■ Work task
The copy must run from the first line of the entries below through the line containing "Get the most", restated word for word, with pictures left out.

*** Materials provided

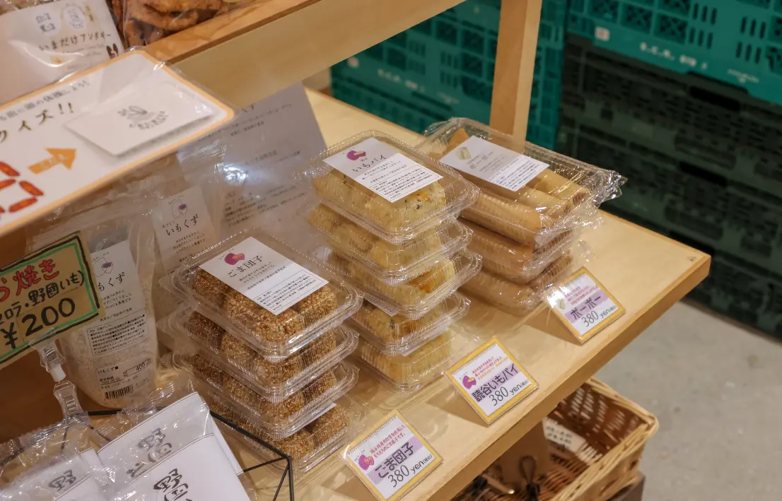 おススメは読谷村の特産品である紅芋からつくられたお菓子やスイーツ。クレープを巻きあげたような沖縄の昔ながらのおやつである「ポーポー」や「紅芋チップス」などが購入可能。
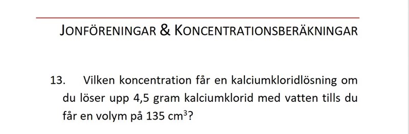 Tog reda på substansmängden, genom att ta reda på masstalet, och jag visste massan. Sen vet jag att substansmängden är samma så jag kunde då ta reda på koncentrationen pga att jag vet volymen.
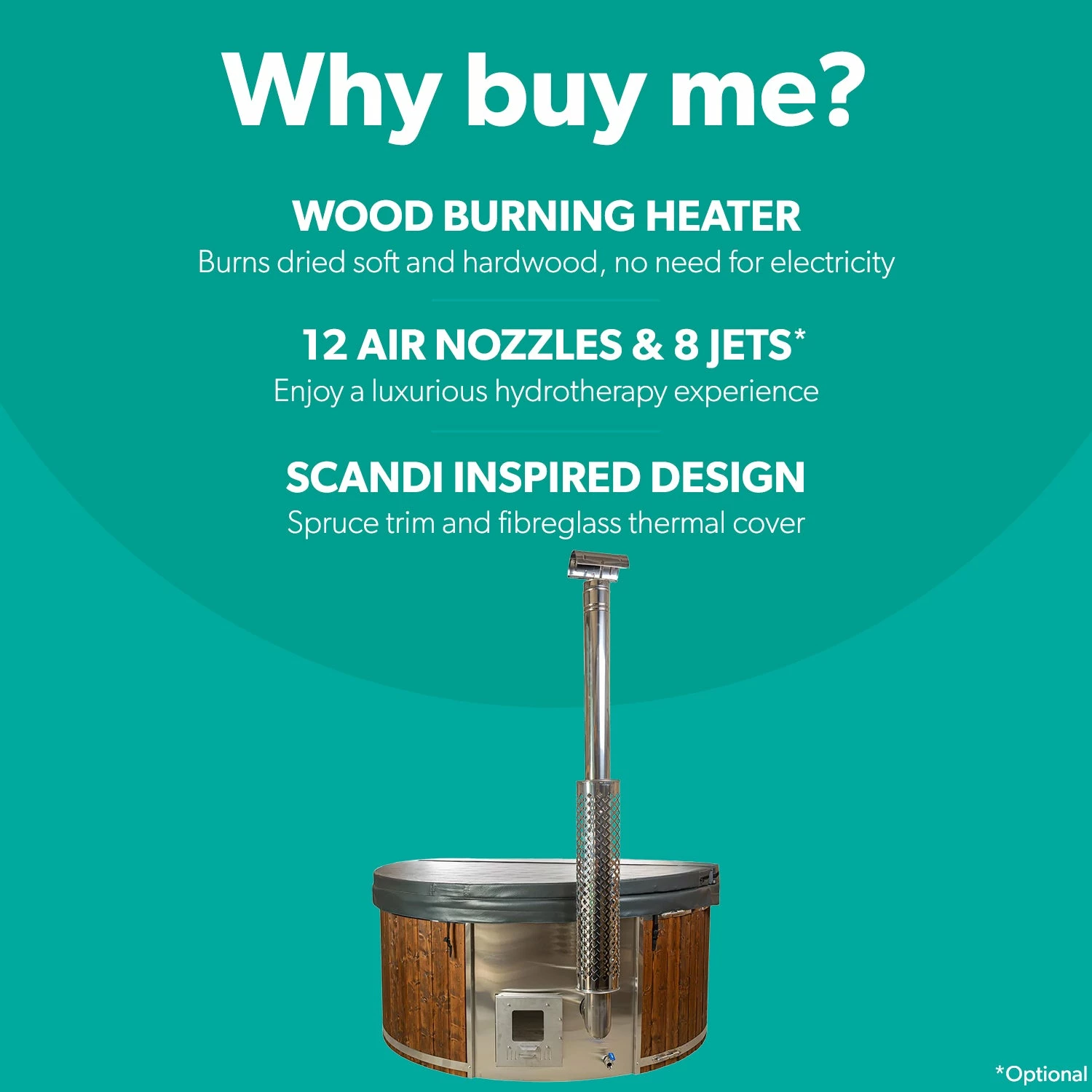 Get the most out of your soak wherever you sit. It includes 12 air nozzles and optional Jacuzzi jets placed in a specific formation to give you a soothing massage experience. Your body is left feeling revitalised and relaxed. It’s perfect for light entertainment, too, as there’s a bottle and glass holder, so you or your party needn’t vacate, re-enter, and get comfortable again. This wood-fired hot tub really is a happy place.
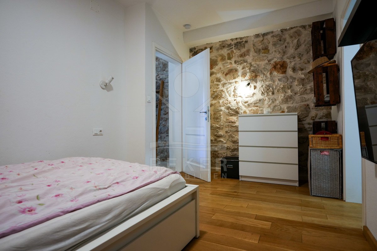 Tauchen Sie ein in den Charme und die Vielfalt dieses authentischen Steinhauses in Vodice, das Tradition und modernen Lebensstil auf harmonische Weise vereint. Strategisch im Stadtzentrum gelegen, sind Sie nur wenige Schritte vom glitzernden Meer entfernt, was Ihnen die Möglichkeit bietet, den pulsierenden Alltag des Küstenlebens zu genießen. Dieses vollständig möblierte Reihenhaus bietet Ihnen nicht nur ein gemütliches Zuhause, sondern auch die Flexibilität, es als lukrative Investitionsmöglichkeit im beliebten Touristensektor zu nutzen. Die einladende Dachterrasse wird zum perfekten Rückzugsort, um die zauberhaften Sonnenuntergänge über der Adria zu beobachten und gesellige Abende mit Ihren Liebsten zu verbringen. Lassen Sie Ihren Traum vom eigenen Zuhause in Kroatien Wirklichkeit werden und genießen Sie gleichzeitig die Vorteile eines lebhaften Standortes mit vielfältigen Freizeitmöglichkeiten und kulturellen Angeboten. Kontaktieren Sie uns noch heute, um mehr über dieses außergewöhnliche Angebot zu erfahren!
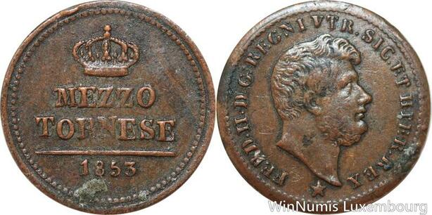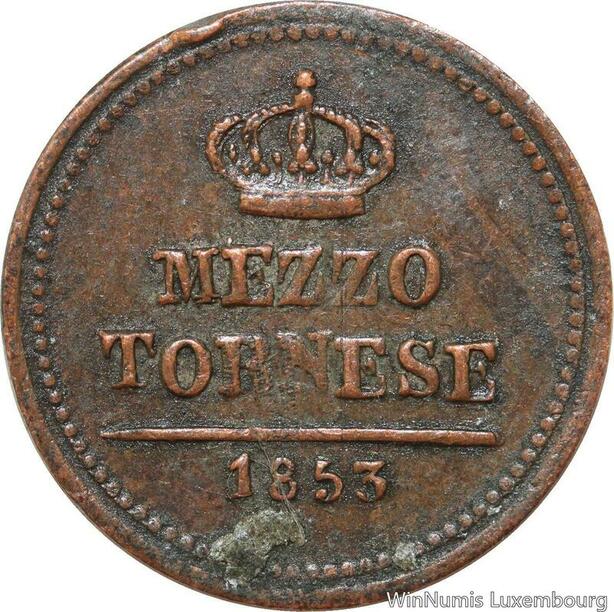 R7684 Italy Italian States Sicily Naples 1/2 Mezzo Tornese Ferdinando II 1853
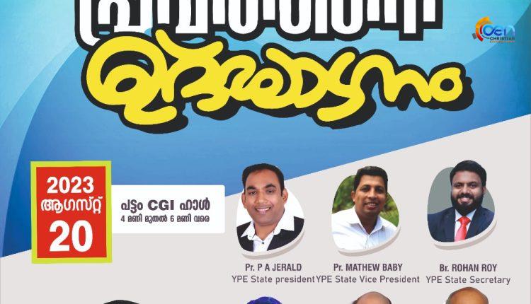 വൈ പി ഇ തിരുവനന്തപുരം സോണിന്റെ ഈ വർഷത്തെ പ്രവർത്തന ഉദ്ഘാടനം ഓഗസ്റ്റ് 20 ന് പട്ടം ദൈവസഭയിൽ വച്ച് നടക്കും.
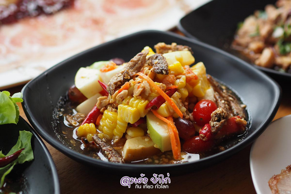 ตำผลไม้ มีทั้งแอ๊ปเปิ้ลแดง / เขียว มะเขือเทศ ข้าวโพดหวาน เครอท รสชาติหวานนำ ติดเปรี้ยวนิดๆ ถ้ากินกับแอ๊ปเปิ้ลเขียว ก็จะเพิ่มความเปรี้ยว / กินกับ แอ๊ปเปิ้ลแดง ก็จะติดหวานนิดๆ เสริมความกรุบกรอบด้วย ปลากรอบโรยงา เปรี้ยวๆ เค็มๆ หวานๆ อร่อยดี
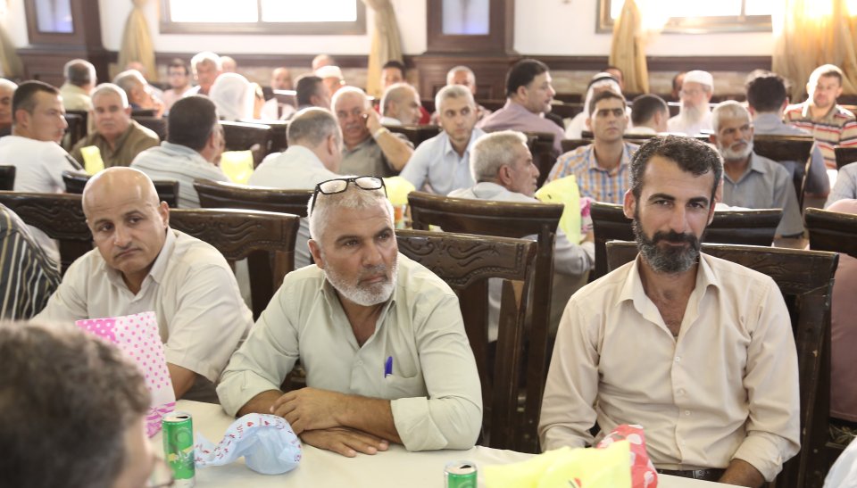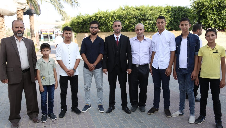 أ. حيدر سليمان ، أ. محمد عيد،أ. سليم طاهر، العريس، أ. بلال سعيد، أ. جعفر عباس، الحاج طاهر سليم، والد العريس، أ أحمد طاهر، أ. محمد جميل
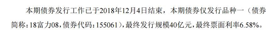 今年11月底富力地产发布公告称,将公开发行不超过40亿元的公司债券,而此次募集资金扣除发行费用后,拟全部用于偿付2019年公司已发行公司债券的到期回售部分。
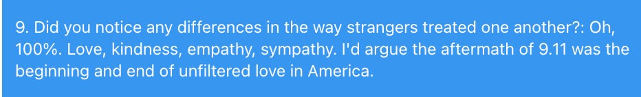 In our grief, we bonded. People of all races, ages, ethnicities, sexualities. For a brief period in time, nothing else mattered but love and collective healing. We were New Yorkers. We would move forward. We would get through this together.

******

■ Written solution
 おススメは読谷村の特産品である紅芋からつくられたお菓子やスイーツ。クレープを巻きあげたような沖縄の昔ながらのおやつである「ポーポー」や「紅芋チップス」などが購入可能。
 Tog reda på substansmängden, genom att ta reda på masstalet, och jag visste massan. Sen vet jag att substansmängden är samma så jag kunde då ta reda på koncentrationen pga att jag vet volymen.
 Get the most out of your soak wherever you sit. It includes 12 air nozzles and optional Jacuzzi jets placed in a specific formation to give you a soothing massage experience. Your body is left feeling revitalised and relaxed. It’s perfect for light entertainment, too, as there’s a bottle and glass holder, so you or your party needn’t vacate, re-enter, and get comfortable again. This wood-fired hot tub really is a happy place.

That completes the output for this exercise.